È lo stesso motivo per cui così tante persone online chiama tutto un sintomo di ADHD e perché immagini di oggetti comuni come le sedie da giardino diventa virale: siamo tutti affamati di una vera comunità, di materialità nelle nostre vite, per essere in grado di relazionarci l'uno con l'altro attraverso questa vasta e alienante distesa di Internet.

È un impulso perfettamente comprensibile, ma ci distrae dal nostro bisogno di amici, amanti e comunità, lasciandoci invece a fare affidamento su imitazioni a buon mercato e insoddisfacenti della cultura queer.

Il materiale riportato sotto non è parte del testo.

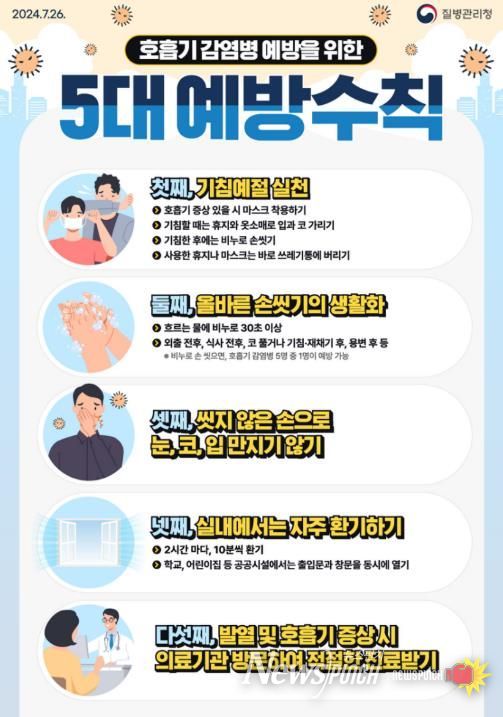 호흡기 감염병 예방을 위한 5대 수칙은 기침 예절 실천, 올바른 손 씻기의 생활화, 씻지 않은 손으로 눈, 코, 입 만지지 않기, 실내에서는 자주 환기하기, 발열 및 호흡기 증상 시 의료기관 방문하여 적절한 진료 받기이다.

Non biasimerò nessuno per aver partecipato a queste tendenze, come ho fatto anch'io. Ma penso che possiamo permetterci di avere due pensieri nella testa contemporaneamente: va bene trovare conforto in cose banali e banali mentre superiamo questo periodo cupo, ma dobbiamo anche spingere per di più.

D'ora in poi, ogni volta che avrò l'impulso di chiamare qualcosa T4T, o di chiamare un oggetto inanimato trans, mi pongo semplicemente la seguente domanda: non sarebbe meglio spendere queste energie per trovare qualcuno con cui fare sesso? Non è la cosa più strana di tutte?